Faszination wie beim Gamen

machina eX sprengt mit «Happy Hour» Grenzen: Auf zuvor ungesehen Weise vermischt die Truppe zwei Welten, die bisher unvereinbar schienen. Und sie schaffen es mit Bravour: Das Stück absorbiert die Zuschauer-Spieler auf eine ähnliche Weise, wie es ein Game vermag. Die Improvisationskunst der Schauspieler führt zu äusserst witzigen Situationen, die Zuschauer sehen sich bisweilen mit Knacknüssen konfrontiert, die zu heftigen Diskussionen führen. Die Befriedigung über ein gelöstes Rätsel entspricht derjenigen eines Videogames – das Stück unterscheidet sich abgesehen von den realen Schauspielern kaum von einem herkömmlichen Point'n'Click-Abenteuer.
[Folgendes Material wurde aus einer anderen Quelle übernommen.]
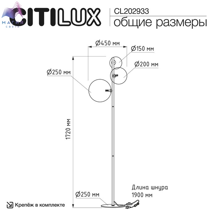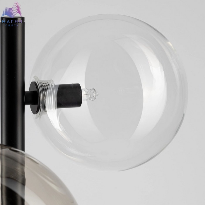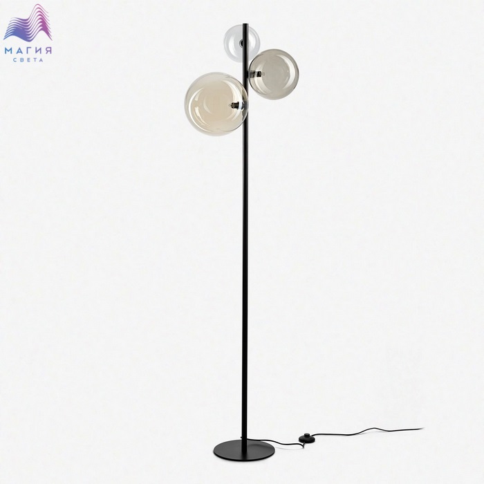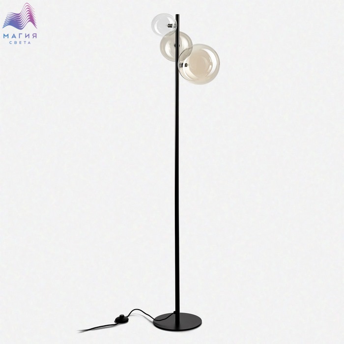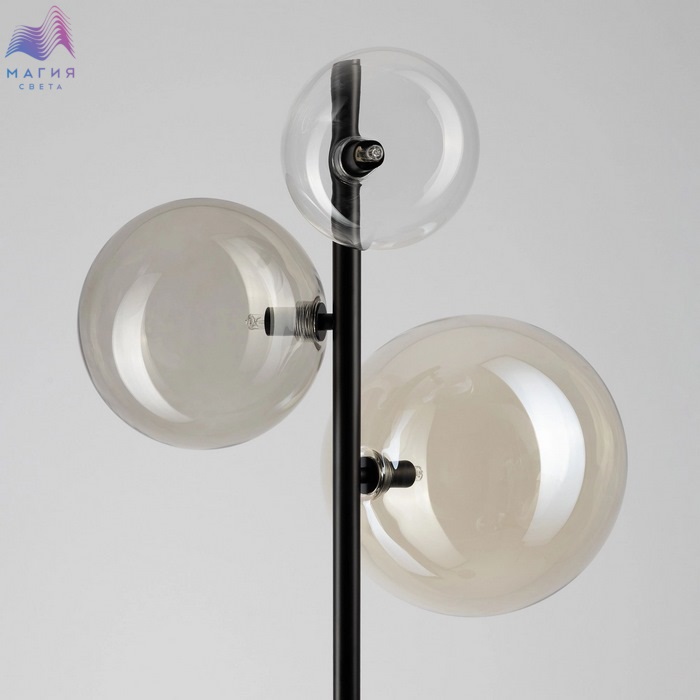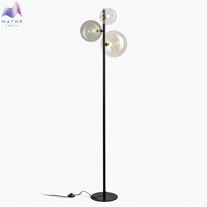 Торшер Citilux ORTON CL202933. Материал: металл/стекло. Цвет: черный/дымчатый/шампань. Прозрачный, с золотистым оттенком шампань и дымчатый плафоны (размером 15, 20 и 25см) превращают торшер в художественный элемент даже при выключенном свете.

Gewonnen hat übrigens die Gruppe, deren Figur zuerst flüchten kann. Nach 45 Minuten ist der Spass allerdings vorbei – wenn die Spielfigur bis dahin nicht frei ist, heissts «Game over». Befriedigt gehen die Zuschauer-Spieler dennoch nach Hause.
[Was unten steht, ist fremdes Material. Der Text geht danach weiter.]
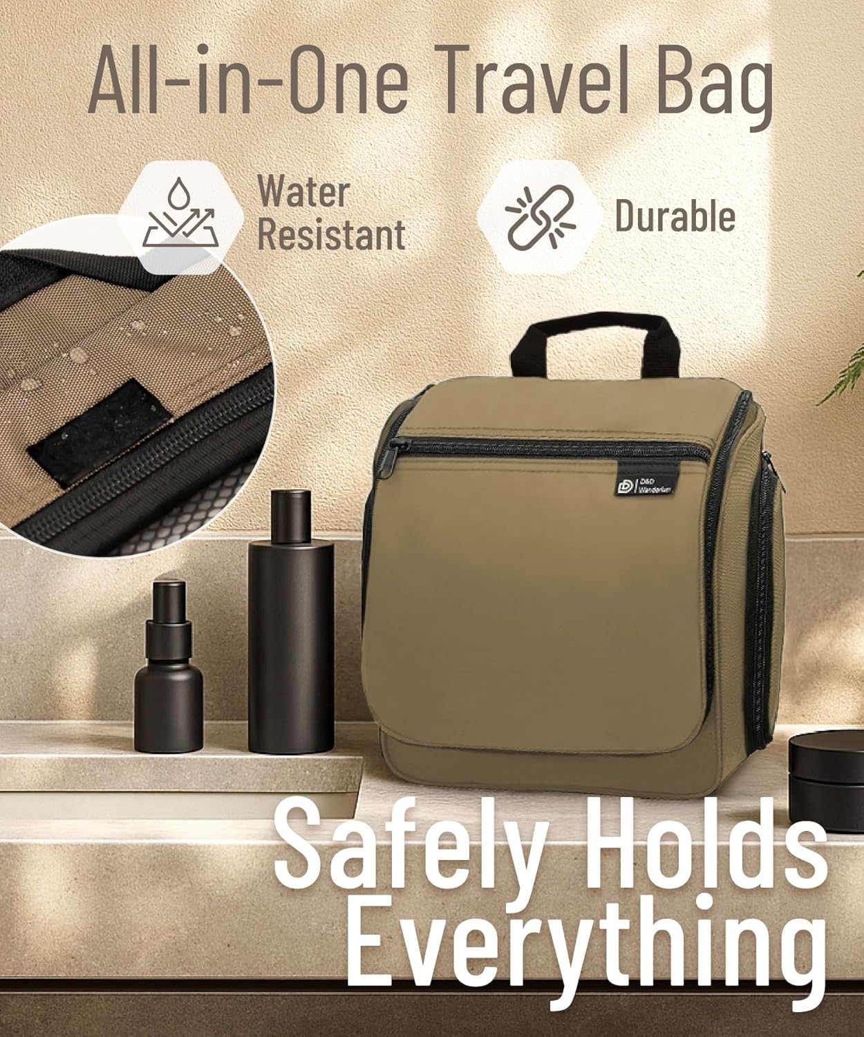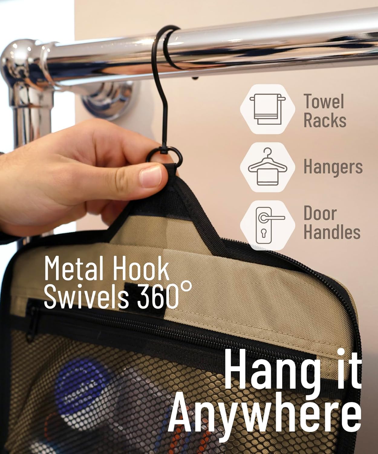 - Convenient Hanging Hook: The XXL metal swivel hook allows you to hang the bag anywhere, saving valuable counter space. It's perfect for use in hotels, bathrooms, or even on a camping trip.

«Happy Hour» ist in der Gessnerallee noch bis zum Samstag, 29. Oktober zu sehen. Spielzeiten unter

www.machinaex.de.

machina eX

Die Idee für machina eX entstand im Jahr 2010 von Philip Steimel und Laura Schäffer, die sich für ihre Diplomarbeit des Kulturwissenschaftstudiums in Hildesheim mit der Kombination von Theater und Film auseinandersetzten. Zusammen mit sieben weiteren Studenten gründeten Sie das Ensemble, das sich immer mehr auch mit Gamemechanismen beschäftigte und einen Weg suchte, diese mit Theater zu verbinden. Mittlerweile hat machina eX sieben Projekte umgesetzt, die in Deutschland und Österreich aufgeführt wurden. Eines davon – «15.000 Gray» – wurde mit Preisen ausgezeichnet. «Happy Hour» ist die Schweizpremiere für das deutsch-schweizerische Ensemble.

Die Hintergrundinformationen zur aktuellen Aufführung lieferten die Dramaturgin und Schauspielerin Anna Fries und Technikchef Robin Krause.